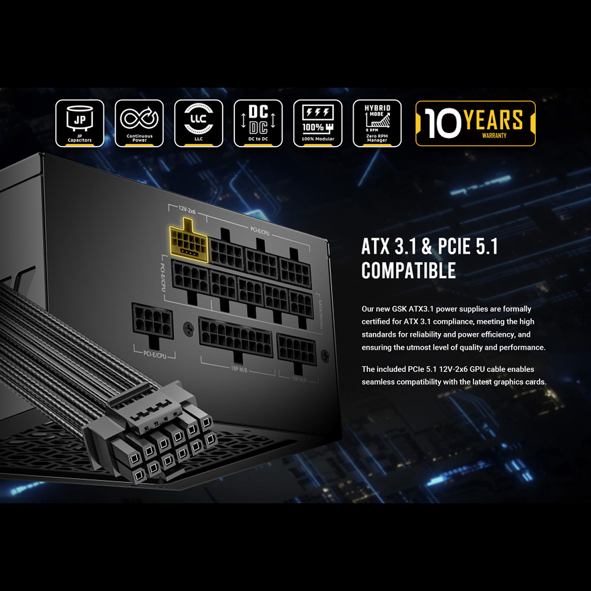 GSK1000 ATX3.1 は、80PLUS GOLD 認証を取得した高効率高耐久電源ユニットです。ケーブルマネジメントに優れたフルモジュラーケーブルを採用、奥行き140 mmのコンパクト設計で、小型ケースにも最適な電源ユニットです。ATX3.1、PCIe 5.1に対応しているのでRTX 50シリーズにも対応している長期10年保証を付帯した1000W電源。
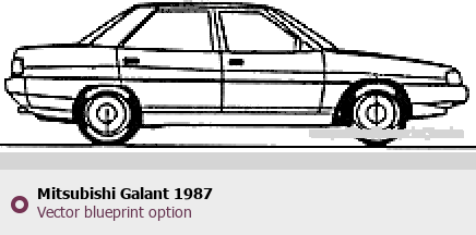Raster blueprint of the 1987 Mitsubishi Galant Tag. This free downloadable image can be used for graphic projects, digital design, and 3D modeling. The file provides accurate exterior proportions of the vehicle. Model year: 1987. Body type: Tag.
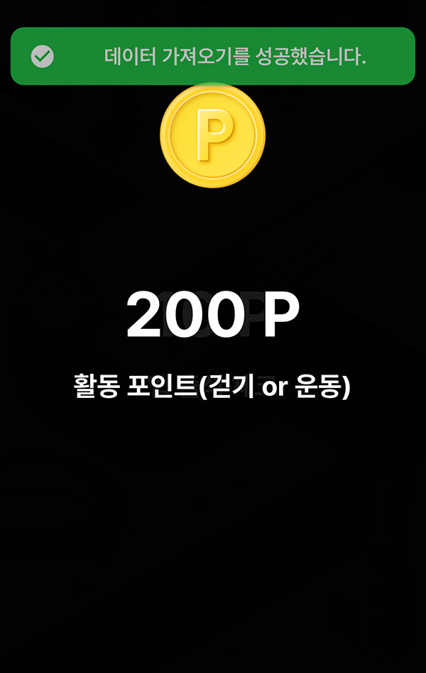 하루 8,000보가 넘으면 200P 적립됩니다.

+ + +

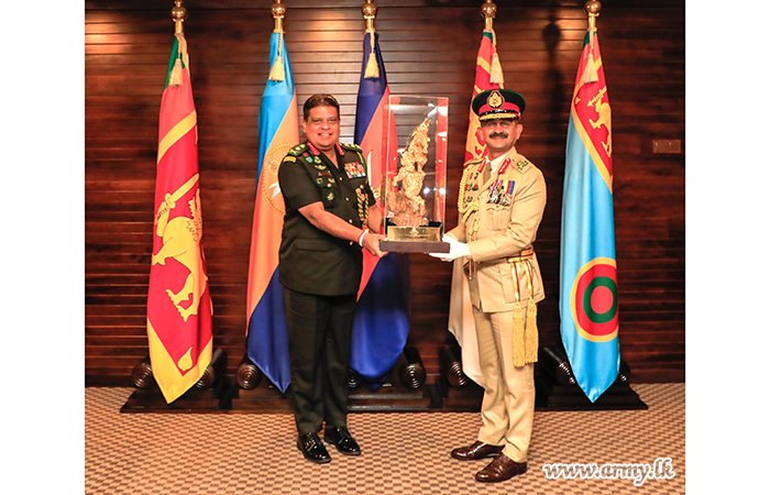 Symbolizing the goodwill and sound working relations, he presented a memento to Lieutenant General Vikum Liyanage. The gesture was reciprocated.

+ + +

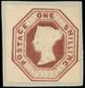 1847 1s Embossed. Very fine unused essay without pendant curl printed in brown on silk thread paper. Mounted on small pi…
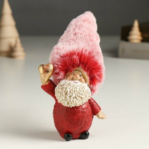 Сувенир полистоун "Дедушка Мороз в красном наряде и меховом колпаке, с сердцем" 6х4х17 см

+ + +

Using the data above, retype exactly and only the lines from the one containing "GSK1000 ATX3.1 は、80PLUS" up to and including the one containing "하루 8,000보가 넘으면 200P 적립됩니다.", with no pictures carried over.

**TASK RESPONSE:**
 GSK1000 ATX3.1 は、80PLUS GOLD 認証を取得した高効率高耐久電源ユニットです。ケーブルマネジメントに優れたフルモジュラーケーブルを採用、奥行き140 mmのコンパクト設計で、小型ケースにも最適な電源ユニットです。ATX3.1、PCIe 5.1に対応しているのでRTX 50シリーズにも対応している長期10年保証を付帯した1000W電源。
Raster blueprint of the 1987 Mitsubishi Galant Tag. This free downloadable image can be used for graphic projects, digital design, and 3D modeling. The file provides accurate exterior proportions of the vehicle. Model year: 1987. Body type: Tag.
 하루 8,000보가 넘으면 200P 적립됩니다.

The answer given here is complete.